## TASK PROMPT
Each line from the one containing "天镇县国土空间规划编制目的:推动区域协调" to the end of the entries below is to be set down exactly; the pictures are not.

::::

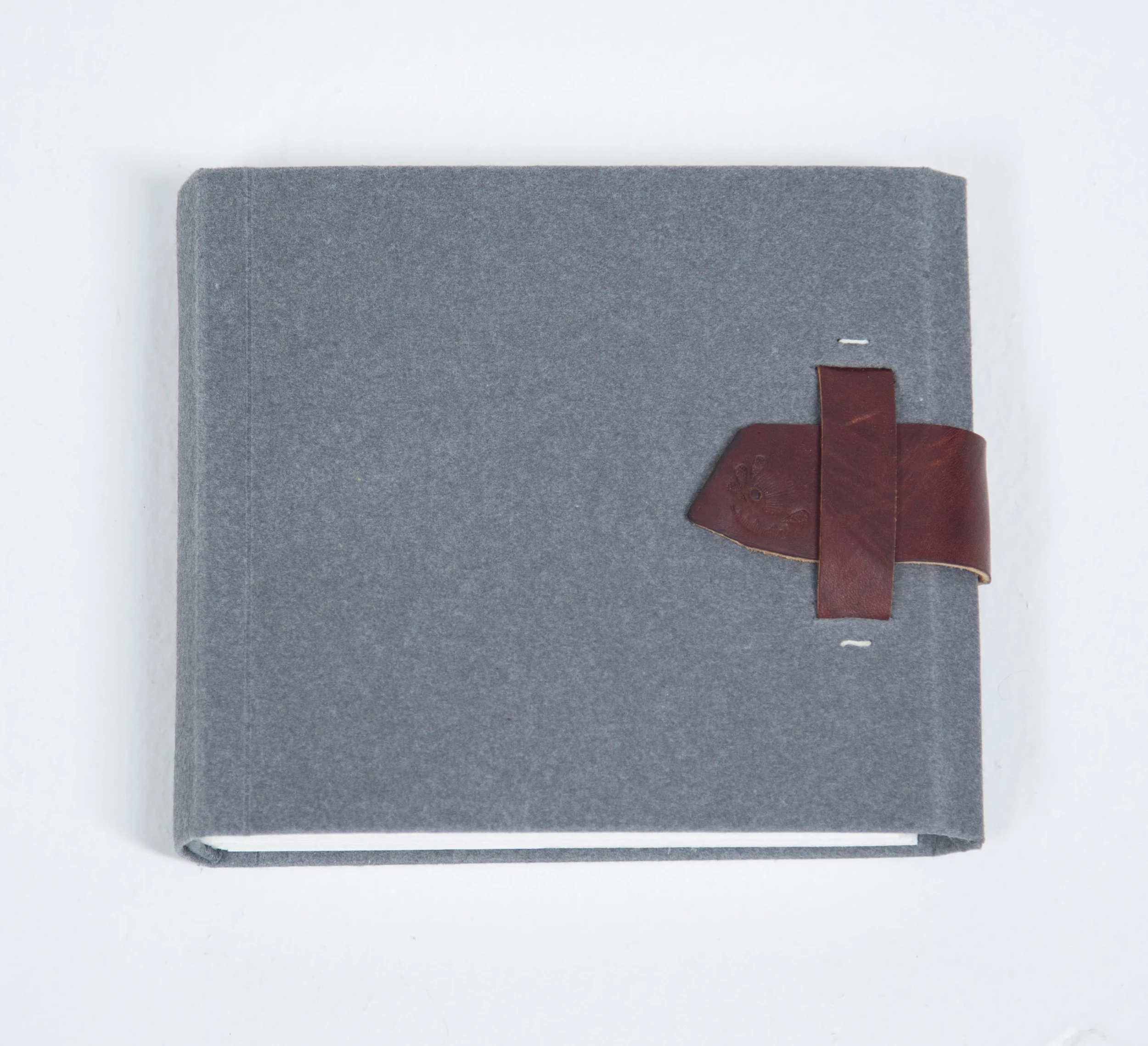 Round Back June 2014, Round back binding with leather closure, hand sewn and hand cut, 5.75 x 7 x 1.5"
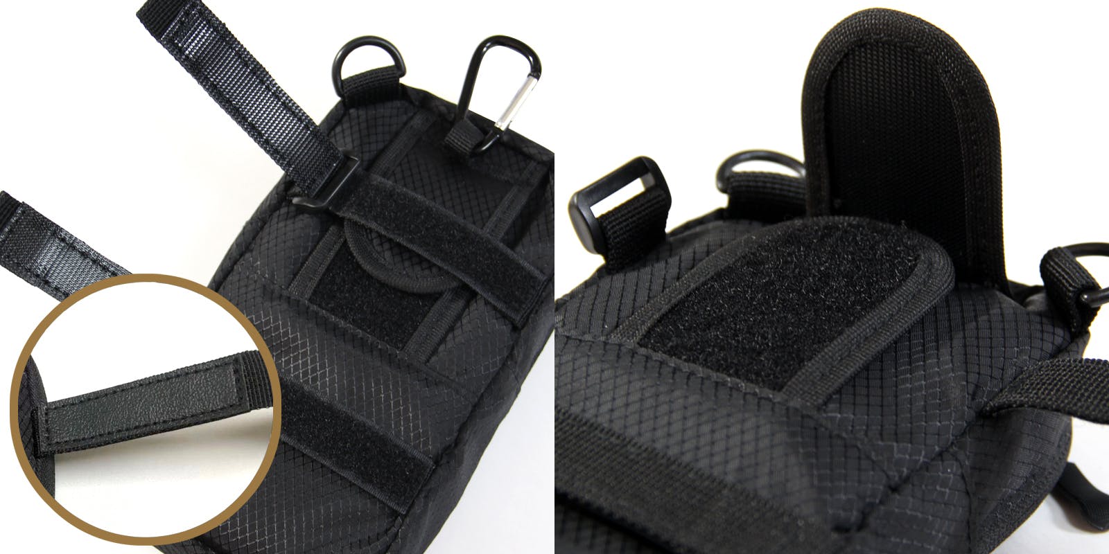 リュックのストラップに装着するマジックテープにはズレ落ち防止の滑り止め生地を縫い付けてあります。リュックのストラップ上部にループがあれば、付属のカラビナを掛けることで脱落防止になります。
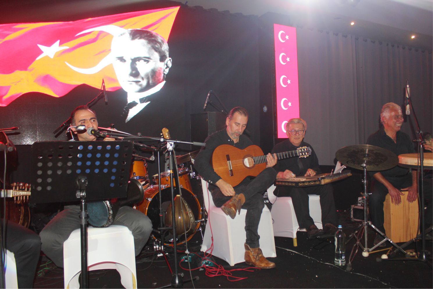 Ülkü Yıldırım ve Hüseyin Eryılmaz’ın okudukları gençliğe Hitabe ve şiirlerle devam eden programda konuklar ise Cumhuriyet ile ilgili düşüncelerini ifade ettiler. Program ’Grup Hey Hey’in sunduğu Türk sanat müziği ve Atatürk’ün sevdiği şarkılarla devam etti.
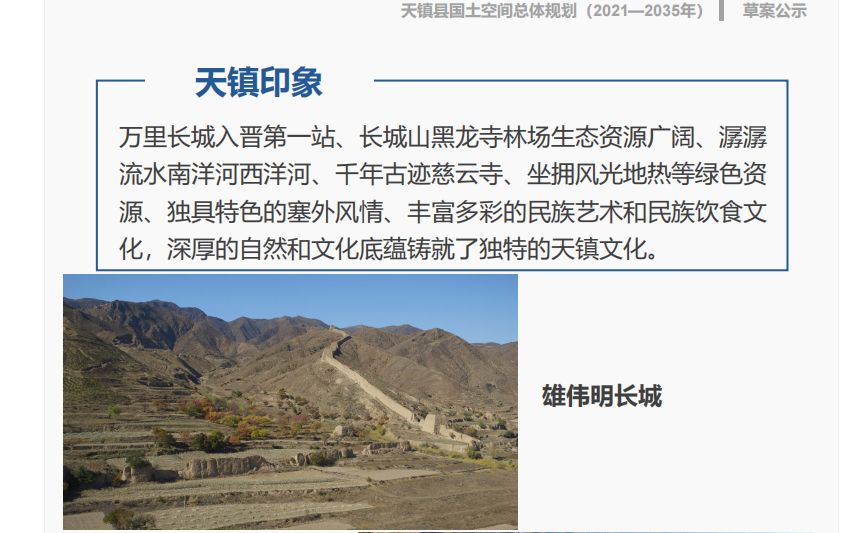 天镇县国土空间规划编制目的:推动区域协调发展,加强与周边市县互联互通,加强新型基础设施网络建设,引导城镇、产业与交通一体化布局,促进城乡协调发展,提升国土空间发展力。
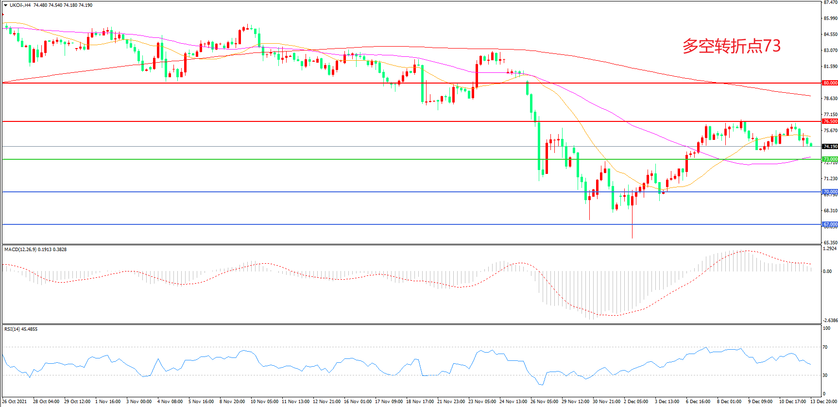 交易策略:在73.00之上看涨,目标76.50              80.00
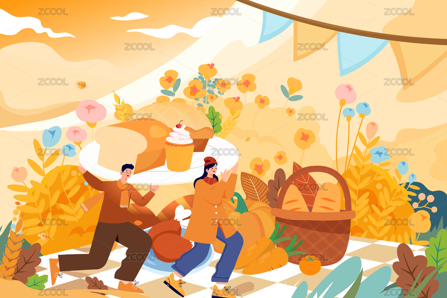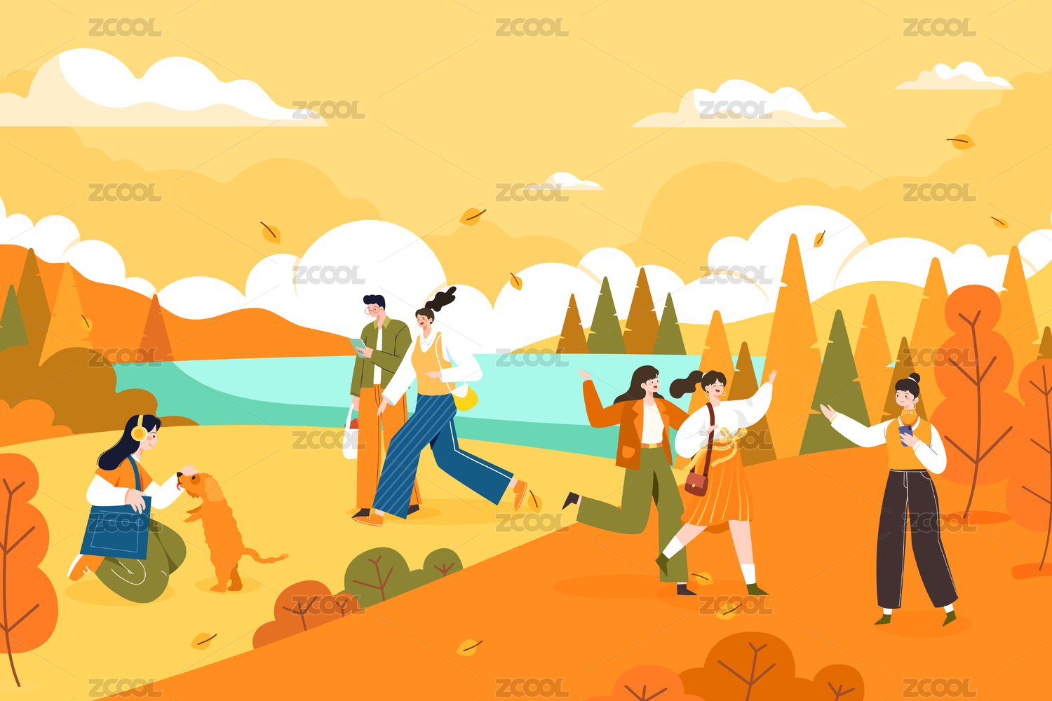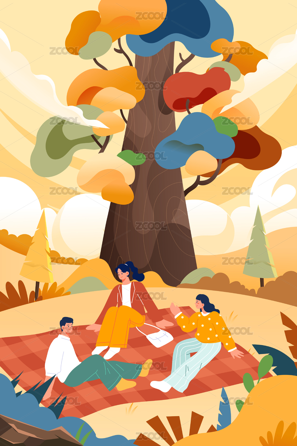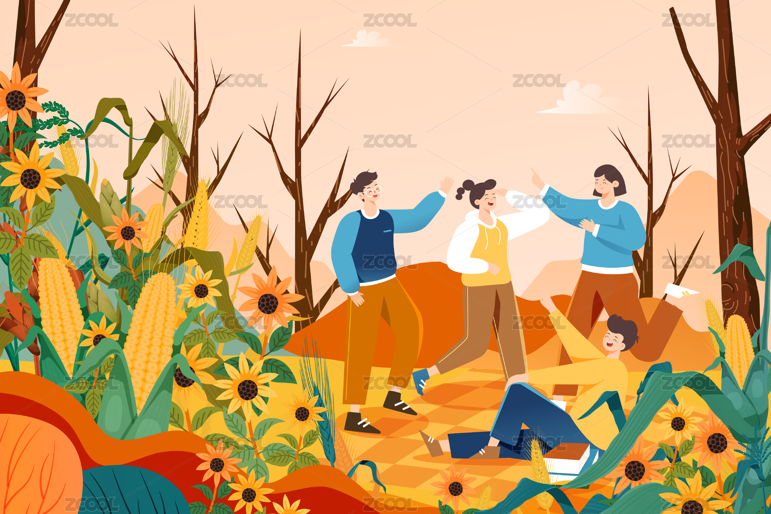 秋天秋游立秋秋分户外活动运动卡通漫画插画

::::

## RESULT
 天镇县国土空间规划编制目的:推动区域协调发展,加强与周边市县互联互通,加强新型基础设施网络建设,引导城镇、产业与交通一体化布局,促进城乡协调发展,提升国土空间发展力。
 交易策略:在73.00之上看涨,目标76.50              80.00
 秋天秋游立秋秋分户外活动运动卡通漫画插画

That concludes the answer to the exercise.